Records excerpted from a collection →
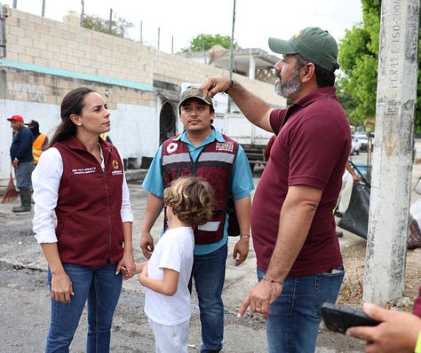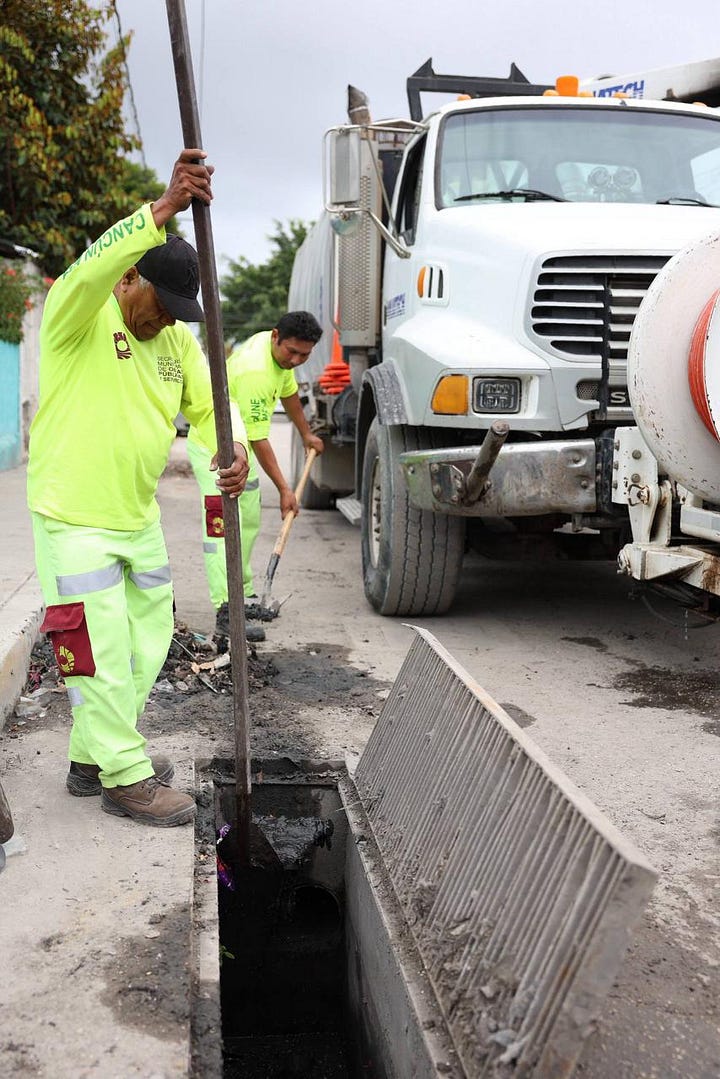 Durante un recorrido de supervisión en las Supermanzanas 75 y 76, la Alcaldesa constató los correctos trabajos de mantenimiento que incluyen el desazolve de pozos de absorción, limpieza de rejillas, chapeo, poda, liberación de guarniciones y labores de bacheo.
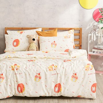 【FITNESS】精梳棉加大四件式被套床包組- 萌玩樂園(粉)
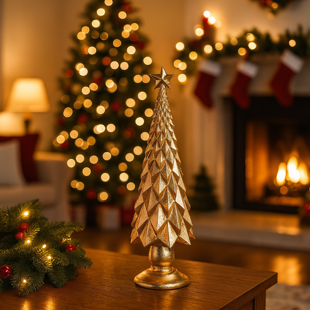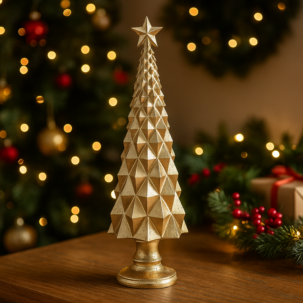 L'albero di Natale in resina con stella per decorazioni natalizie, alto 41 cm, è un raffinato oggetto decorativo pensato per arricchire l'atmosfera delle festività con un tocco di eleganza.
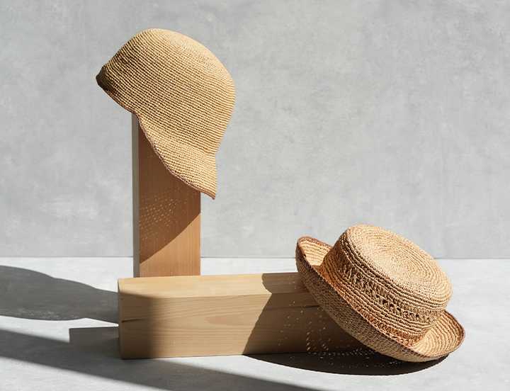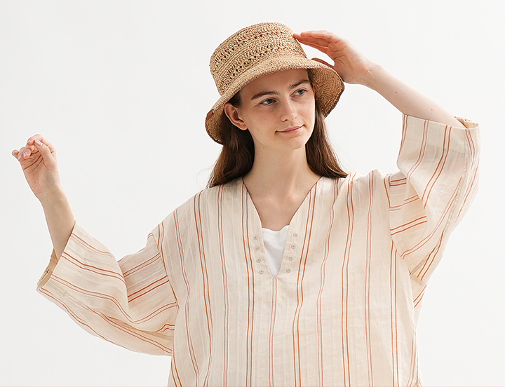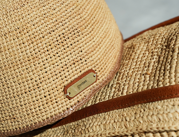 昨年、好評だった形のハットは、クラウンの高さはそのままにデザインを少し変えています。短めのつばがゆるやかに下を向きやさしい印象。カジュアル過ぎず、透かしが涼し気です。つばの縁には、バッグと同様に再生ポリエステル糸でかがりラインを入れ、gentenの革タグを添えてアクセントに。
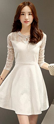 -. Feature : 総レースの優雅な上品かつセクシーなワンピースです。結婚式、披露宴、二次会、パーティー、お呼ばれを始めとし、発表会、入学式、卒業式、卒園式などなどイベント事に大活躍間違いなしの一着。薄手なのでオールシーズン(春・夏・秋・冬)使えます。もちろんデートにも! / このワンピースのデザイン上、ウエストがくびれているラインなので着痩せ効果あり◎上品に、シンプルに、お洒落に、さらに痩せて見える清楚系人気アイテム。 / きれいめレースが女子力アップ!モテアイテム間違いなしの上品、エレガントなドレス風ワンピース。 / 【サイズ】・S→着丈78cm 身幅39cm 袖丈50cm ・M→着丈78cm 身幅40cm 袖丈51cm ・L→着丈79cm 身幅43cm 袖丈52cm ・XL→着丈79cm 身幅44cm 袖丈54cm ・XXL→着丈79cm 身幅45cm 袖丈55cm ※多少の誤差はご了承ください。 / カラーはブラック、ホワイトの二色展開です。カラーがシンプルなワンカラーのワンピースなのでお持ちのアクセサリー(ピアス、イヤリング、ネックレス、ジュエリー、指輪、リングなど)や足元もパンプス、ブーティー、ミュール、ブーツ、サンダル等、合わせやすいワンピース。カバンはクラッチからハンドバッグ、トートバッグ、ショルダーバッグなどこちらも相性抜群!
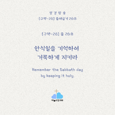 [ 구약- 20] 출 20:8 안식일을 기억하여 거룩하게 지키라
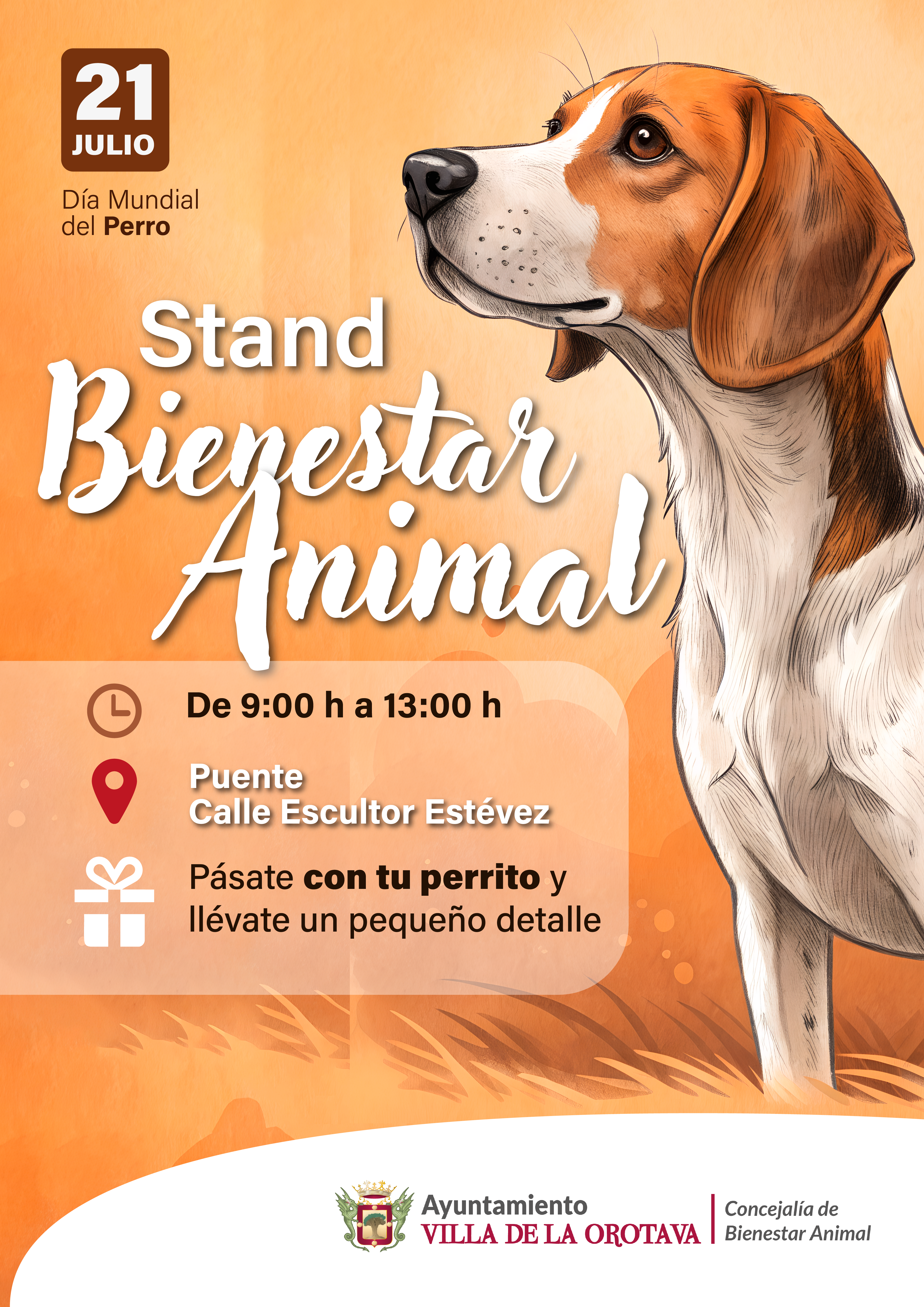 El próximo 21 de julio, entre las 9:00 y 13:00 horas, el área de Bienestar Animal del ayuntamiento de la Orotava contará con un stand en el puente de la calle Escultor Estévez.
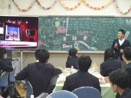 3月10日(火)午後、第64回卒業証書授与式を明後日にひかえ、9年生では2クラス合同での「茶話会」を行いました。
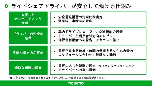 ライドシェアドライバーの拡大においては、安全運転講習の実施や事故対応、SOS機能など安心して働ける仕組みを整備するほか、需要に応じた報酬(ダイナミックプライシング)の設定や高い還元を通じて、女性・若年層を中心に担い手の裾野を広げます。
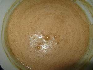 В теплую смесь добавить соду и перемешать. Сода обычно хорошо гасится медом, но если вы в качестве своего меда не уверены, лучше заменить соду разрыхлителем (в 2 раза больше количества соды).
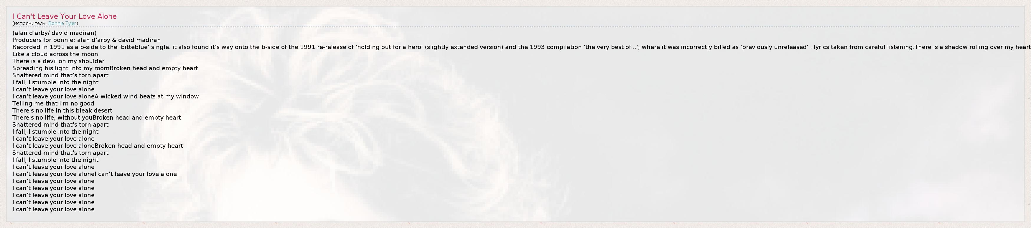 ГлавнаяИсполнителиBonnie TylerI Can't Leave Your Love Alone
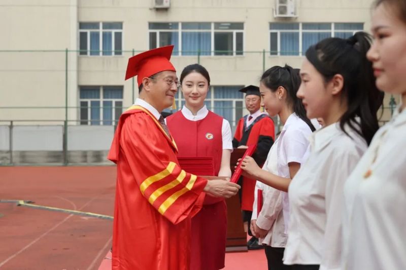 在激昂嘹亮、催人奋进的校歌《我们走在大路上》中,毕业典礼落下帷幕。主席台就坐的领导、老师起立目送全体毕业生有序退场,伴着音乐《启程》,毕业生们难掩泪水与恩师、同窗挥手告别,拥抱鼓励,带着对母校的眷恋、师长的教诲、同窗的友情,踌躇满志地奔赴山海,报效祖国。
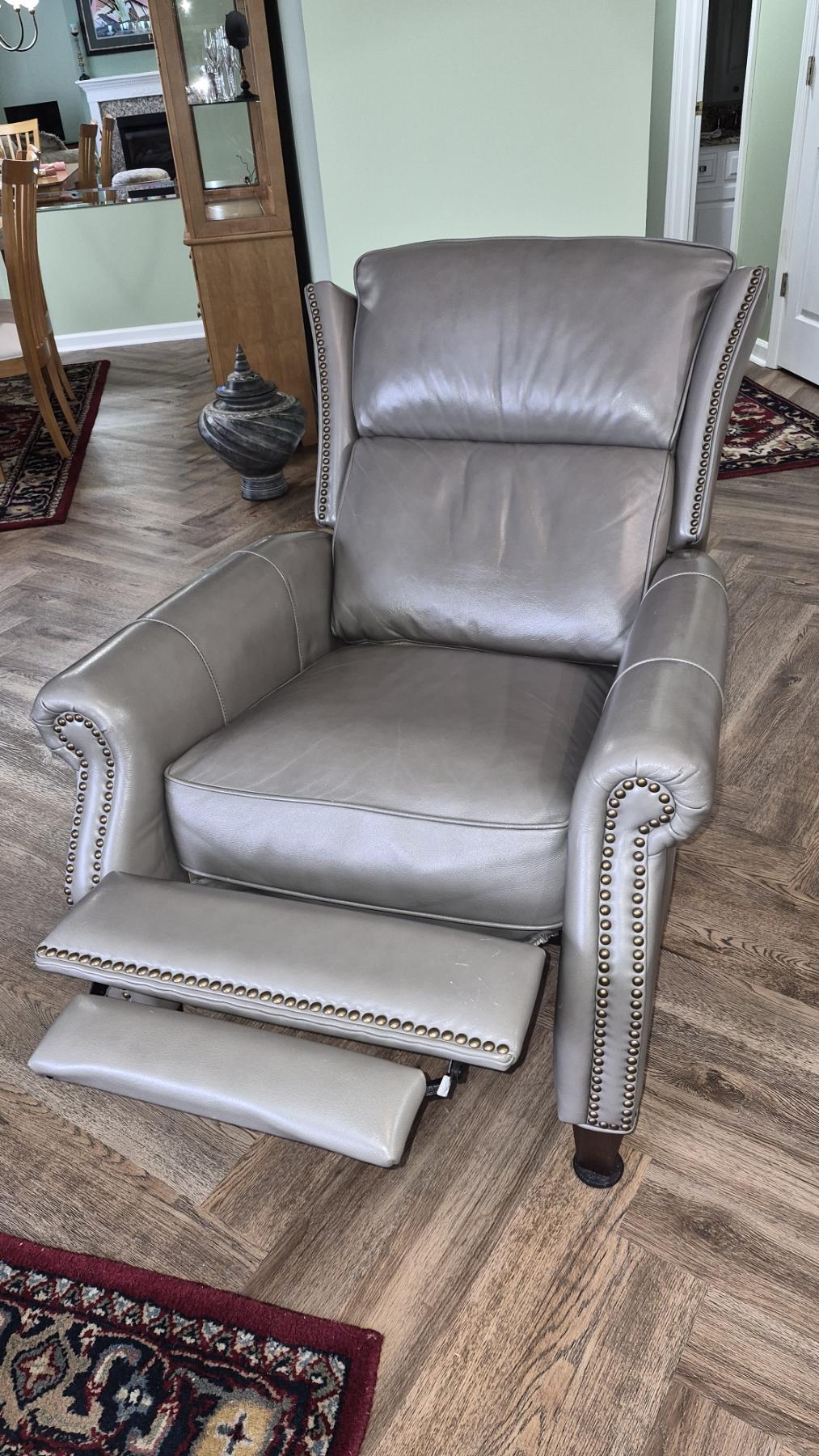 PICKUP IN NORTHFIELD - 1st Of 2 - Excellent Leather Recliner As Shown - Great Condition - See Pics - (All Items noting "Pickup In Northfield" will be available the following Saturday after this auction ends. Other items in this auction will be available at our Louisville Office. Winners of Northfield items will be notified with the address and times, after the auction closes.)

WORK ORDER → In the records above, find the line with "3月10日(火)午後、第64" and the line with "ГлавнаяИсполнителиBonnie TylerI Can't", then restate word for word only those two lines and all lines between, omitting pictures.

TASK ANSWER →
 3月10日(火)午後、第64回卒業証書授与式を明後日にひかえ、9年生では2クラス合同での「茶話会」を行いました。
 ライドシェアドライバーの拡大においては、安全運転講習の実施や事故対応、SOS機能など安心して働ける仕組みを整備するほか、需要に応じた報酬(ダイナミックプライシング)の設定や高い還元を通じて、女性・若年層を中心に担い手の裾野を広げます。
 В теплую смесь добавить соду и перемешать. Сода обычно хорошо гасится медом, но если вы в качестве своего меда не уверены, лучше заменить соду разрыхлителем (в 2 раза больше количества соды).
 ГлавнаяИсполнителиBonnie TylerI Can't Leave Your Love Alone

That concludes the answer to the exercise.